He jokes that his Gonzo gallery, opened just over a year ago and free to the public, will probably be replaced by a Gucci on the first floor and a tanning salon on the second. "The idea was to promote the work in places people will get it," he says. "And though the art was made here, and as much as the people who live in Aspen get it, a lot of Aspen might not appreciate it. Many people didn't live here then, and don't live here now."
After a quick tour of the museum -- chock full of everything from the original Aspen wall-posters that Benton made for Hunter S. Thompson's run for sheriff in 1970 to a life-sized doll of Hunter, stuffed in a small broom closet -- Watkins leads me up two flights of Escher-like stairs and onto a rooftop balcony.

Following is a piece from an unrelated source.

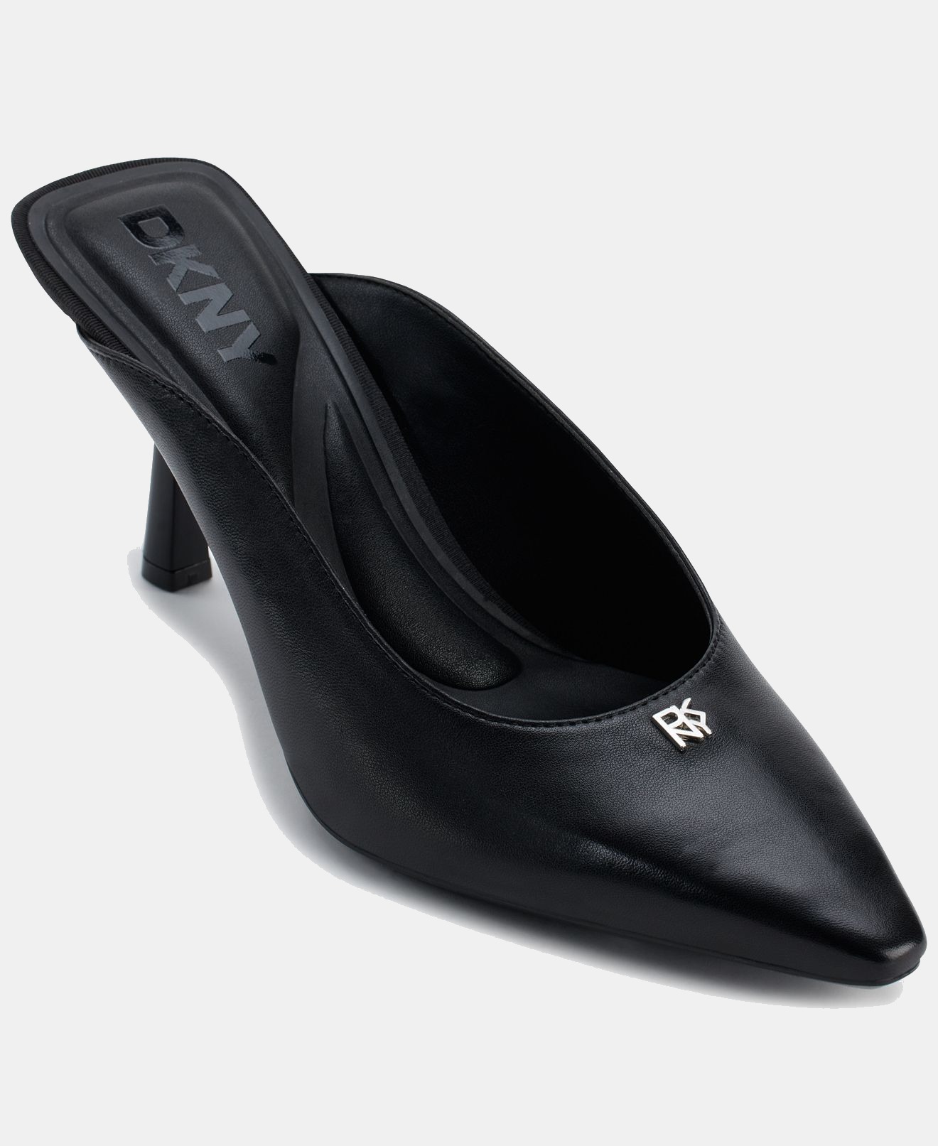 DKNY Women’s Netta gleaming logo hardware makes a signature statement on a streamlined mule framed by a slender toe and tapered heel.

It's almost five, and soon the heavy belly of the sun will be sucked further west and behind Aspen Mountain, but for now we're sitting at an octagonal wooden table, drinking beer as Watkins begins to roll a joint and unroll his story.
Michael Anthony Adams: When did you first hear the name "Thomas Benton"?
D.J. Watkins: It was at Larry Lefner's Woody Creek Art Studio in Woody Creek, Colorado, next to the [Woody Creek Tavern]. I saw a print called Korea, Vietnam, Iraq, and I thought it beautifully summed up the power of graphics and words working in tandem. I wanted to know more, and I met Marcy Benton when I was there, and then George Stranahan. George and I shared a love of Benton's work, particularly his political work from the '60s and '70s. The main idea was that history doesn't repeat itself, it rhymes. And when Thomas Benton died, George put me on a mission to find his works and work on cataloging them, which led to the wall-posters, Benton's work with Hunter, and then more of his abstract work.
Were people just handing the work over? No, I was looking in barns, basements, attics to try and find the old posters. Then George gave me a list of people to talk to. A lot of them were shady characters, drug dealers, from the '60s and '70s. But a lot of them had beautiful collections on their walls. So we'd take them off the wall, photograph them, and put them back on the wall. And we created a database of 600 works of Benton's stuff.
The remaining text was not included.